DOA Estimation for Non-Gaussian Signals: Three-Level Nested Array and a Successive SS-MUSIC Algorithm

Sha Shi,^1,2Haowei Zeng,^1,2Heng Yue,^1,2Changbo Ye,^1,2and Jianfeng Li^1,2

Academic Editor: Xianpeng Wang

Received14 Dec 2021

Revised28 Feb 2022

Accepted11 Mar 2022

Published07 Apr 2022

Abstract

Direction of arrival (DOA) estimation for non-Gaussian signals using three-level nested array (THL-NA) is investigated in this paper. Motivation from larger consecutive degree of freedom (DOF) and array aperture, the THL-NA is proposed, which can take full advantages of the consecutive coarrays of TL-NA and has the closed-form expression of DOF. Specifically, firstly, the array aperture is expanded by the second order sum coarray (2-SC) of the proposed array, secondly, the nested relationship between subarrays is employed to obtain the difference coarray of 2-SC (2-DCSC), finally, a consecutive virtual array with large array aperture is obtained. Besides, a successive SS-MUSIC algorithm is proposed, which employs the spatial smoothing estimating signal parameter via rotational invariance techniques (SS-ESPRIT) algorithm and partial spectrum searching multiple signal classification (PSS-MUSIC) to obtain initial estimations and fine estimations, respectively, resulting in a better balance between computational complexity and estimation accuracy.

1. Introduction

Direction of arrival (DOA) estimation, which is one of the fundamental issues in array signal processing, plays an important role in various fields, e.g., radar systems, acoustics, navigation, and wireless communications [1–3].

Compared with traditional uniform linear arrays (ULAs), sparse arrays can obtain less mutual coupling and higher degrees of freedom (DOF), which can obtain DOA estimation for signals with more sources. The nested array (NA) [4] is a sparse array composed of two ULAs with different spacings, which has strong expansion capability in DOA estimation algorithms based on FOC. The coprime array (CPA) [5, 6], consisting of two ULAs with coprime interelement spacings, has less mutual coupling compared with NA. These arrays can generate sets of uniformly distributed virtual second order difference coarray (2-DC) [4], in particular, the 2-DC of NA is free from holes. However, these sparse arrays have limitations due to their array geometries. The 2-DC of CPA generates a lot of holes that decrease consecutive DOF significantly, the dense part of NA leads to more serious mutual coupling than CPA.

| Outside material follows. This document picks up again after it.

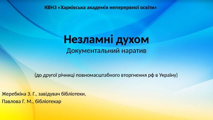 Матеріали документального наративу «Незламні духом» підготовлені до другої річниці повномасштабного вторгнення рф в Україну, можуть бути використані педагогічними та бібліотечними працівниками для організації годин спілкування, інших заходів національно-патріотичного спрямування.

Traditional DOA parameter estimation algorithms, such as multiple signal classification (MUSIC) algorithm [7, 8] and estimation of signal parameters via rotational invariance techniques (ESPRIT) algorithm [9, 10], mostly utilize the second order statistical characteristics of the signals. Furthermore, new algorithms have been proposed such as 2D-MUSIC and RD-MUSIC [1]. When the signals obey the Gaussian distribution, they can be described by the first order or second order statistics. However, the situation in practical applications is more complicated, and most sources to be processed are non-Gaussian signals, whose statistical characteristics can be described by fourth order cumulant (FOC) [11, 12], resulting in larger array aperture and better DOA estimation performance, as compared with second order cumulant (SOC). Considering the non-Gaussian signals, DOA estimation methods based on FOC, including MUSIC-LIKE [13, 14] and virtual-ESPRIT algorithm [15], are most exploited. The virtual coarrays utilized by vectorized FOC methods can be obtained from fourth order difference coarray (4-DC) [16] or difference coarray of sum coarray (2-DCSC) [17] operation of physical sensors. The FOC can not only suppress Gaussian white noise or color noise, but effectively expand the length of array apertures. Therefore, the estimation performance of DOA based on FOC is greatly improved.

Combining the designing of sparse array and the exploiting of 4-DC or 2-DCSC, lots of array structures are proposed, such as fourth-level NA (FL-NA) [16], sparse array with fourth order difference coarray enhancement based on CPA (SAFE-CPA) [18]. FL-NA is investigated in detail as a special case of 2q-level NAs when q is equal 2 in reference [16] and SAFE-CPA constructs physical sensors structure by adding another subarray. Regarding the processing of the above sparse array structure, related scholars have proposed a series of FOC estimation algorithms based on spatial smoothing subspace methods [19, 20] such as SS-MUSIC algorithm, SS-ESPRIT algorithm, which provide a theoretical basis for the DOA estimation based on sparse arrays.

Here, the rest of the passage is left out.